Ibu merogoh jas labnya dan mengeluarkan botol pil pribadinya. Hades memiliki Dosa-dosanya di Elysium, dan dia mendapatkan Kebahagiaannya. Ketika Dosa menstimulasi bagian sistem saraf asli untuk memberi mereka rasa emosi yang tinggi, Bliss melakukan yang sebaliknya. Itu adalah pencapaian puncaknya dalam pengobatan khusus rezzer. Obat yang dapat memberi mereka satu hal yang tidak dapat mereka peroleh secara alami: ketenangan pikiran. Satu letupan, dan bahkan undead yang paling bergizi pun akan tertidur dalam kondisi hibernasi yang nyaman, dan tidak akan pernah kembali jika resimen dipertahankan.

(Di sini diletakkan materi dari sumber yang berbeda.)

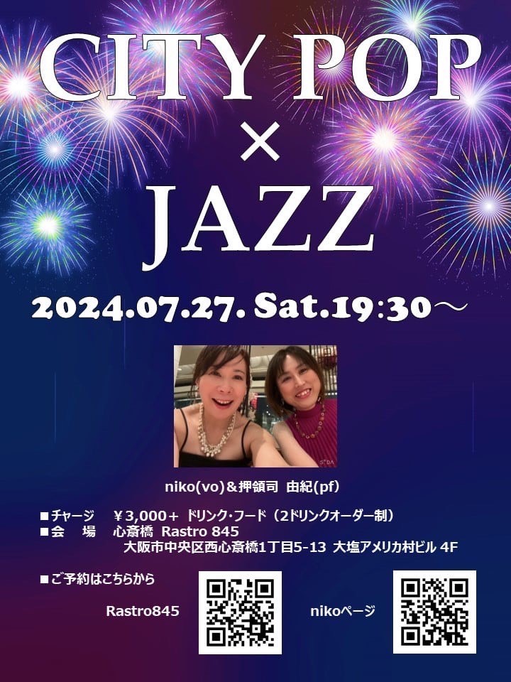 (夜) Jazz Vocal Live 7月 27 Sat 2024 心斎橋 / Rastro845 メンバー niko (vo) 押領司由紀 (p) チャージ¥3000+2オーダー別途要 前のスケジュール 次のスケジュール

“Apakah kamu benar-benar yakin menginginkan ini, Elsa?” Ibu bertanya, nadanya tegas. “Tidak ada jalan kembali setelah kamu berada di sana.”
Dia menatap matanya, tanpa berkedip. "Ya."
“Kalau begitu ambillah salah satunya.” Dia menyerahkan pil itu padanya.
Elsa mencengkeram Bliss di antara jari-jarinya yang lembut dan rapuh. Untuk sesaat, keduanya hanya duduk diam karena beratnya tindakan yang mereka lakukan membebani mereka. Dia mungkin tidak tahu apa yang akan terjadi selanjutnya, tapi Ibu telah menatap cukup banyak pasien yang putus asa untuk mengetahui beban yang dia tanggung pada mereka. Penelitiannya jarang bersih.
Elsa menelan pil itu. “Terima kasih atas segalanya, Ibu.”
“Akulah yang berhutang padamu. Kamu lebih berani dari yang kamu tahu, Elsa, dan kaum kami berhutang budi padamu yang tidak akan pernah mampu mereka bayar kembali. Terima kasih atas pengorbananmu.”
Elsa mengangguk. Dalam beberapa menit, matanya berkaca-kaca untuk terakhir kalinya dan kesadarannya hilang.
Ibu melemparkan selimut ke wajahnya sambil menghela nafas. Berapa banyak lagi yang harus dikorbankan demi altar ilmu pengetahuan? Operasi yang dilakukannya di ruang bawah tanah jauh berbeda dengan operasi yang ia bangun kembali secara rahasia di timur, namun tidak diketahui berapa banyak pasiennya yang terseret ke bawah, dan tidak pernah terlihat lagi.
Tentu saja, semuanya demi kebaikan yang lebih besar. Memahami mutasi yang ditimbulkan oleh HBRS-15.21 memerlukan eksperimen, dan tidak ada subjek yang lebih efisien untuk digunakan selain rezzer. Setiap perkembangan, mulai dari Sins of Elysium, hingga Bliss, hingga terobosannya dalam ilmu nutrisi, semuanya menimbulkan banyak korban jiwa.
Dan tetap saja itu belum cukup.
Salah satu dokter bedahnya masuk, lengan dan lulurnya dipenuhi jeroan yang menghitam.
__ADS_1
"Apa itu?" Ibu bertanya.
“Kami kedatangan pengunjung.” Dia menelan ludah. “Itu adalah Hades.”